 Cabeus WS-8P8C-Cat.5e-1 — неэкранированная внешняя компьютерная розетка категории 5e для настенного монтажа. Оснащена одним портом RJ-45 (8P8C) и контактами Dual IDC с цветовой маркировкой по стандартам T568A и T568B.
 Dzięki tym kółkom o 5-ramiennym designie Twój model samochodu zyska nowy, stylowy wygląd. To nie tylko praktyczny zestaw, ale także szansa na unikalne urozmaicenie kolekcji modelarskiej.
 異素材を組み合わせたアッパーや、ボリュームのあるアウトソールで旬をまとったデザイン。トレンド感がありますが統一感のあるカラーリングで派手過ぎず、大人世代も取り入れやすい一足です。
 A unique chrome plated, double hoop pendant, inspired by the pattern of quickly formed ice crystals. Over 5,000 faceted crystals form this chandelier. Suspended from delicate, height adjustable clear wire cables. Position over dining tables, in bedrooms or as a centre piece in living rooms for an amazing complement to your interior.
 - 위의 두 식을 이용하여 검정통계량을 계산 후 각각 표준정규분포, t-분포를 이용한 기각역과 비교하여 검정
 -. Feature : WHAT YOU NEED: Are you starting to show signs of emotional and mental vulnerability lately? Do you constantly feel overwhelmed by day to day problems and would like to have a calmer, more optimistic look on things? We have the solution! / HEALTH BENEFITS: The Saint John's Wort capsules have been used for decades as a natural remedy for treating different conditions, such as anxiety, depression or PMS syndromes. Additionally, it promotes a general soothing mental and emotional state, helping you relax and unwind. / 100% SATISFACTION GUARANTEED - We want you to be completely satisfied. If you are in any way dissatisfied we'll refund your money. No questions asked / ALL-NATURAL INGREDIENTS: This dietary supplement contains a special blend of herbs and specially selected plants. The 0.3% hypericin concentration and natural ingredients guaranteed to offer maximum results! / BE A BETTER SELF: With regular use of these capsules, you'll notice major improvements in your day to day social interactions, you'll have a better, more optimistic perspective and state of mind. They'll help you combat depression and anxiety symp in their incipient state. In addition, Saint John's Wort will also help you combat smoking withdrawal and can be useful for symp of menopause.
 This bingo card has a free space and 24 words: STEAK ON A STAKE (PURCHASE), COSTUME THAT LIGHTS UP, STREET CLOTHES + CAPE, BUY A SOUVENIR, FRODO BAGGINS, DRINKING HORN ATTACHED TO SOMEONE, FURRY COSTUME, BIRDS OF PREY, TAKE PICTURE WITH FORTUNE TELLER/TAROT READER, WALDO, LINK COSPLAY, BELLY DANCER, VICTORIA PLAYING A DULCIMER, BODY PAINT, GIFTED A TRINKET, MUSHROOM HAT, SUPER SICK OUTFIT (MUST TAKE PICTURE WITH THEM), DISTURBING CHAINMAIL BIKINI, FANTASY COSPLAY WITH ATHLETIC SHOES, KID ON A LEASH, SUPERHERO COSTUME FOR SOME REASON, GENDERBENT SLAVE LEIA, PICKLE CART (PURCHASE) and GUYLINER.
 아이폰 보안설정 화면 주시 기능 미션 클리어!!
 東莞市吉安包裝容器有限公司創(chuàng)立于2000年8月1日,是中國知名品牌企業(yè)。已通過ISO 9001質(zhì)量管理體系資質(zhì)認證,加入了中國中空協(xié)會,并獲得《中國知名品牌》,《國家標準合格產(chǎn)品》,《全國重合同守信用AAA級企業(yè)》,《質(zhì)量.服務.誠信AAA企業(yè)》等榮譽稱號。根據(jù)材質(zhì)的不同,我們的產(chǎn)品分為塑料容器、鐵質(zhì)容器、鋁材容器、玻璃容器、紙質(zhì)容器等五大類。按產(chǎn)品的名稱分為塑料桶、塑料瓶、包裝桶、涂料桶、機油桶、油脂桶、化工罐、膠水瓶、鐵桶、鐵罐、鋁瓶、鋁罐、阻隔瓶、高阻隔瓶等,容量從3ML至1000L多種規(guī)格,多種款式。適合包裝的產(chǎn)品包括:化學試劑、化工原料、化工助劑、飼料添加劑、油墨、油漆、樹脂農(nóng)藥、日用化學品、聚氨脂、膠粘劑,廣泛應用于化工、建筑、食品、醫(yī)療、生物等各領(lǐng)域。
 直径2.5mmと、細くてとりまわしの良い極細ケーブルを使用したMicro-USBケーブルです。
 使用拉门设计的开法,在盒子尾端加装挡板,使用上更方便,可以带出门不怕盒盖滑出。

■ ■ ■ ■

== What needs to be done ==
Please give the entries above again in full, exactly as written.

== Result ==
 Cabeus WS-8P8C-Cat.5e-1 — неэкранированная внешняя компьютерная розетка категории 5e для настенного монтажа. Оснащена одним портом RJ-45 (8P8C) и контактами Dual IDC с цветовой маркировкой по стандартам T568A и T568B.
 Dzięki tym kółkom o 5-ramiennym designie Twój model samochodu zyska nowy, stylowy wygląd. To nie tylko praktyczny zestaw, ale także szansa na unikalne urozmaicenie kolekcji modelarskiej.
 異素材を組み合わせたアッパーや、ボリュームのあるアウトソールで旬をまとったデザイン。トレンド感がありますが統一感のあるカラーリングで派手過ぎず、大人世代も取り入れやすい一足です。
 A unique chrome plated, double hoop pendant, inspired by the pattern of quickly formed ice crystals. Over 5,000 faceted crystals form this chandelier. Suspended from delicate, height adjustable clear wire cables. Position over dining tables, in bedrooms or as a centre piece in living rooms for an amazing complement to your interior.
 - 위의 두 식을 이용하여 검정통계량을 계산 후 각각 표준정규분포, t-분포를 이용한 기각역과 비교하여 검정
 -. Feature : WHAT YOU NEED: Are you starting to show signs of emotional and mental vulnerability lately? Do you constantly feel overwhelmed by day to day problems and would like to have a calmer, more optimistic look on things? We have the solution! / HEALTH BENEFITS: The Saint John's Wort capsules have been used for decades as a natural remedy for treating different conditions, such as anxiety, depression or PMS syndromes. Additionally, it promotes a general soothing mental and emotional state, helping you relax and unwind. / 100% SATISFACTION GUARANTEED - We want you to be completely satisfied. If you are in any way dissatisfied we'll refund your money. No questions asked / ALL-NATURAL INGREDIENTS: This dietary supplement contains a special blend of herbs and specially selected plants. The 0.3% hypericin concentration and natural ingredients guaranteed to offer maximum results! / BE A BETTER SELF: With regular use of these capsules, you'll notice major improvements in your day to day social interactions, you'll have a better, more optimistic perspective and state of mind. They'll help you combat depression and anxiety symp in their incipient state. In addition, Saint John's Wort will also help you combat smoking withdrawal and can be useful for symp of menopause.
 This bingo card has a free space and 24 words: STEAK ON A STAKE (PURCHASE), COSTUME THAT LIGHTS UP, STREET CLOTHES + CAPE, BUY A SOUVENIR, FRODO BAGGINS, DRINKING HORN ATTACHED TO SOMEONE, FURRY COSTUME, BIRDS OF PREY, TAKE PICTURE WITH FORTUNE TELLER/TAROT READER, WALDO, LINK COSPLAY, BELLY DANCER, VICTORIA PLAYING A DULCIMER, BODY PAINT, GIFTED A TRINKET, MUSHROOM HAT, SUPER SICK OUTFIT (MUST TAKE PICTURE WITH THEM), DISTURBING CHAINMAIL BIKINI, FANTASY COSPLAY WITH ATHLETIC SHOES, KID ON A LEASH, SUPERHERO COSTUME FOR SOME REASON, GENDERBENT SLAVE LEIA, PICKLE CART (PURCHASE) and GUYLINER.
 아이폰 보안설정 화면 주시 기능 미션 클리어!!
 東莞市吉安包裝容器有限公司創(chuàng)立于2000年8月1日,是中國知名品牌企業(yè)。已通過ISO 9001質(zhì)量管理體系資質(zhì)認證,加入了中國中空協(xié)會,并獲得《中國知名品牌》,《國家標準合格產(chǎn)品》,《全國重合同守信用AAA級企業(yè)》,《質(zhì)量.服務.誠信AAA企業(yè)》等榮譽稱號。根據(jù)材質(zhì)的不同,我們的產(chǎn)品分為塑料容器、鐵質(zhì)容器、鋁材容器、玻璃容器、紙質(zhì)容器等五大類。按產(chǎn)品的名稱分為塑料桶、塑料瓶、包裝桶、涂料桶、機油桶、油脂桶、化工罐、膠水瓶、鐵桶、鐵罐、鋁瓶、鋁罐、阻隔瓶、高阻隔瓶等,容量從3ML至1000L多種規(guī)格,多種款式。適合包裝的產(chǎn)品包括:化學試劑、化工原料、化工助劑、飼料添加劑、油墨、油漆、樹脂農(nóng)藥、日用化學品、聚氨脂、膠粘劑,廣泛應用于化工、建筑、食品、醫(yī)療、生物等各領(lǐng)域。
 直径2.5mmと、細くてとりまわしの良い極細ケーブルを使用したMicro-USBケーブルです。
 使用拉门设计的开法,在盒子尾端加装挡板,使用上更方便,可以带出门不怕盒盖滑出。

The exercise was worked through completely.